Thursday, March 19, 2009

what a mess!


Today has been so weird.

First off my insecurities have been eating at me all day. And secondly because today was just an off day.

Insecurities are the one thing that bugs the crap out of me, and when I say that I mean it. It's like every negative thing I can think about myself pops in my head, and for the moment just won't go away. I hate it, and I wish that I could just snap my fingers and all of them just go away.

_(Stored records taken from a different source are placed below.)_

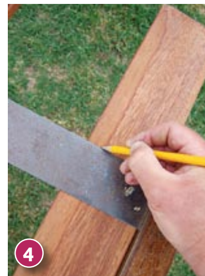
4 Using the original wooden slats as a guide, measure and cut the decking to size. Our slats were 75mmW x 1.2mL. Measure and cut the two smaller lengths for back panel.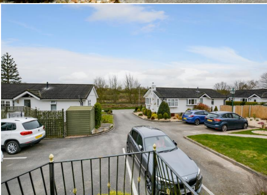
Well Maintained Park Home Excellent Cul-De-Sac Position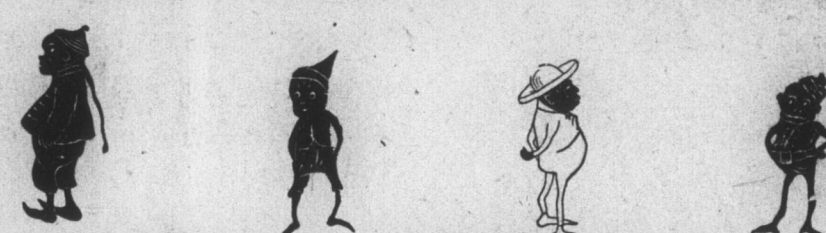
And these chaps are freezing because they can't stay in house with those roaring furnaces.

with one of our $5 hard coal burners that will keep fire all night with a hat full of coal.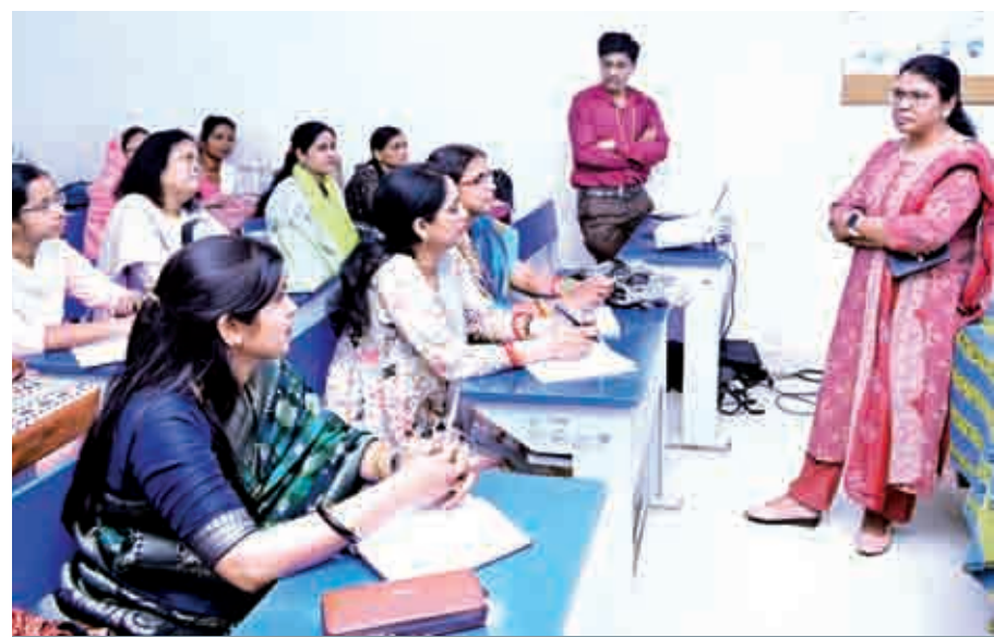
Sector officers of Sangwari polling station being imparted training.

Gaurela - Pendra - Marwahi : Special initiatives have been taken to ensure participation of women in the Lok Sabha Elections 2024, by the District Election Office. Under this in urban areas, in all 37 Sangwari polling stations, voting will be conducted only by women polling teams on May 7, of these, 16 Sangwari polling stations have been made in the urban area Gaurela, 11 in Pendra and 10 in Marwahi. Apart from this, there will be only women officers in polling officer number 03 in the polling teams of all 306 polling stations of the district. All sector officers of Sangwari

My insecurities are past circumstances, physical appearance, fears, and the list goes on.
I'm writing about this, because maybe, just maybe I can help someone else to over come their insecurities while I'm battling with mine. It's a disease, I mean it has to be. I can look in the mirror and say ok well I look cute today, but I don't necessarily feel that I am.

Is there something not getting to my brain, that's in everyone Else's with self confidence?
I know people look at me and think I'm crazy when I say I'm ugly, and yes I feel that no Man, and I mean no Man could ever like me, I just don't see how.
People say so many sweet things about me, and tell me how pretty I look and that I'm beautiful, and it just goes in one ear and out the other.

I HATE THIS!

I don't want for others to have to say something to me positive, for me to feel good about myself. That's just not healthy.
The only thing I can think to do, is to go to God on this. I mean no one else can help me. And with Him all things are possible, so I know I can defeat my insecurities and move on with my life.

I'M WRITING THIS NOW, LETTING ANYONE WHO IS BATTLING WITH INSECURITIES KNOW: It's time to take a stand and LET THEM OFFICIALLY GO.

I can't sit and preach on how to do this, because I'm trying as well, but with God and prayer, and some patience all things will work out.

Lesson Learned today: screw insecurities! They are no GOOD, and we really don't GAIN ANYTHING FROM THEM, but self doubt and pain.
Life's moving on, whether we are with it or without it. Encourage yourself daily and believe that things do and can GET BETTER.

[love], Alana.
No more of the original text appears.